*DIRECTIONS*. Could you set down the listing below exactly and omit its images?

*SOURCE MATERIAL*.

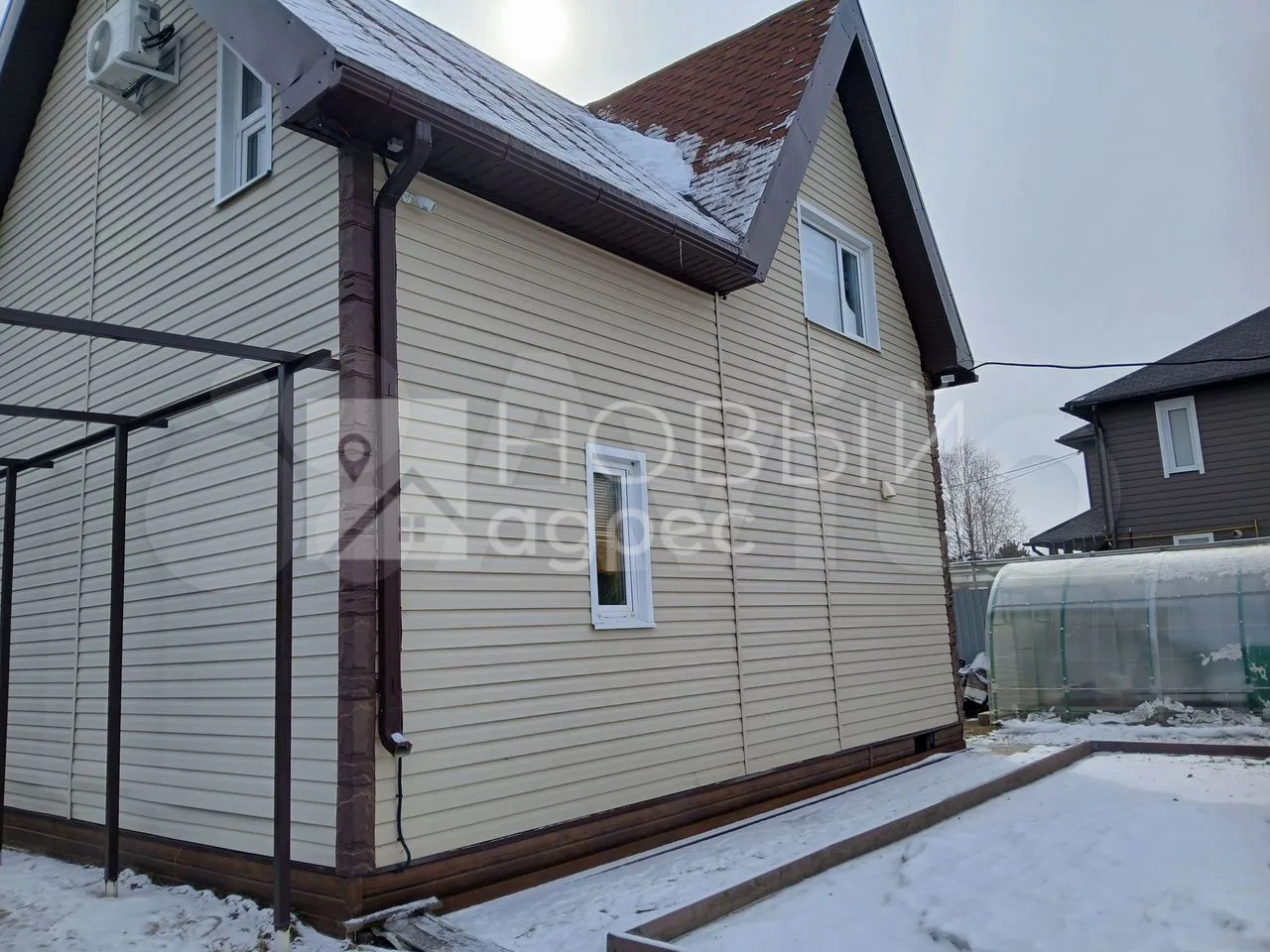 Дом построен из бруса в 2015 году на участке 6 сот.. земли с парковочными местами для авто.
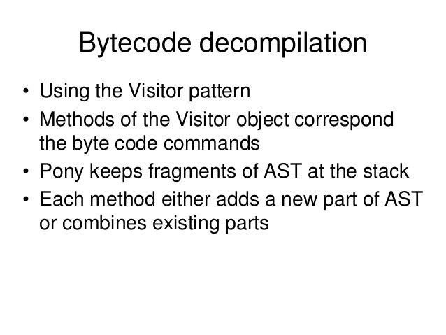 19. 19. Bytecode decompilation • Using the Visitor pattern • Methods of the Visitor object correspond the byte code commands • Pony keeps fragments of AST at the stack • Each method either adds a new part of AST or combines existing parts
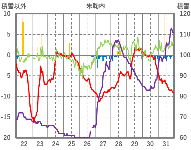 | 日 | 時 | 気温 | 降水 | 風向/風速 | 日照 | 積雪 | 降雪 |

*RESULT BELOW*.
 Дом построен из бруса в 2015 году на участке 6 сот.. земли с парковочными местами для авто.
 19. 19. Bytecode decompilation • Using the Visitor pattern • Methods of the Visitor object correspond the byte code commands • Pony keeps fragments of AST at the stack • Each method either adds a new part of AST or combines existing parts
 | 日 | 時 | 気温 | 降水 | 風向/風速 | 日照 | 積雪 | 降雪 |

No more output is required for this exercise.